Er waren vijf of zes soldaten en twee gingen er mee. Dat is een zware gang geweest voor de stoker. Hij wist niet of er nog meer mensen in de fabriek waren en hij had gehoord, dat die ene soldaat zei: "Schieten, wie of wat je ook tegenkomt." En hij dacht natuurlijk aan die ene man in het Witmagazijn. Als die maar niet tevoorschijn zou komen. Maar alles liep goed af. De stoker kon naar zijn ketels gaan en die Duitsers deden zich te goed aan ouwe klare. Weldra waren zij midden in de nacht aan het zingen van: "Deutschland, Deutschland, über alles." Daarna zijn de andere soldaten hen komen halen en toen kon onze stoker eens naar die man gaan kijken. "Nou," zei hij "vertel maar eens hoe jij hier bent gekomen." "Dat zit zo", antwoordde deze, "ik moest tot twee uur werken, maar ik hoorde buiten de fabriek zo'n geweld, dat ik bij mezelf dacht: "Wat zou er toch aan de hand zijn?" Ik ben toen maar eens even buiten de poort gaan kijken.
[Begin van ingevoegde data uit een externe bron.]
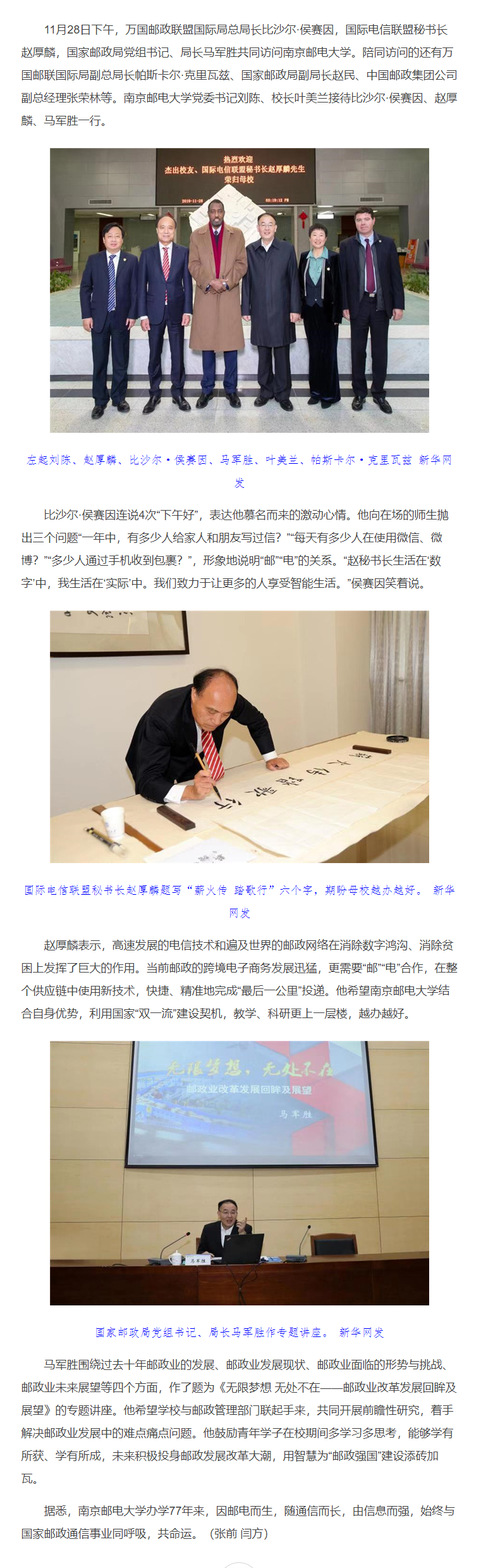 | 【新華網】萬國郵聯、國際電聯、國家郵政局領導訪問南郵 |

Van Woensel, de portier, zat te beven en kon geen woord uitbrengen, zo zenuwachtig was hij. Ik zei tegen hem: "Ik ben zo weer terug, ik moet eens even gaan kijken, wat er aan de hand is." Toen zag ik een soldaat. Eerst dacht ik nog, dat het een van onze jongens was, tot er opeens van de andere kant van het kanaal geschoten werd. De soldaat liet zich op de grond vallen en meteen zag ik aan zijn met kopspijkers beslagen schoenen, dat het een Duitser was. Ik dacht bij mezelf: "Nu moet ik zien dat ik weer gauw in de fabriek kom", want er werd opeens van alle kanten geschoten. Ik ben toen achter de loods over de poort geklommen en heb me hier verscholen. Ze zullen er bij mij thuis wel ongerust over zijn, waar ik blijf." "Ik zou nog maar een poosje hier blijven als ik jou was," merkte de stoker op, "want die Duitsers zijn nu wel weg, maar ze hebben gezegd dat ze weer terug komen. Ik heb hun verteld dat er niemand in de fabriek was dan ik alleen. Ik kom straks nog wel eens bij je kijken. Nu moet ik eerst weer eens naar de ketels."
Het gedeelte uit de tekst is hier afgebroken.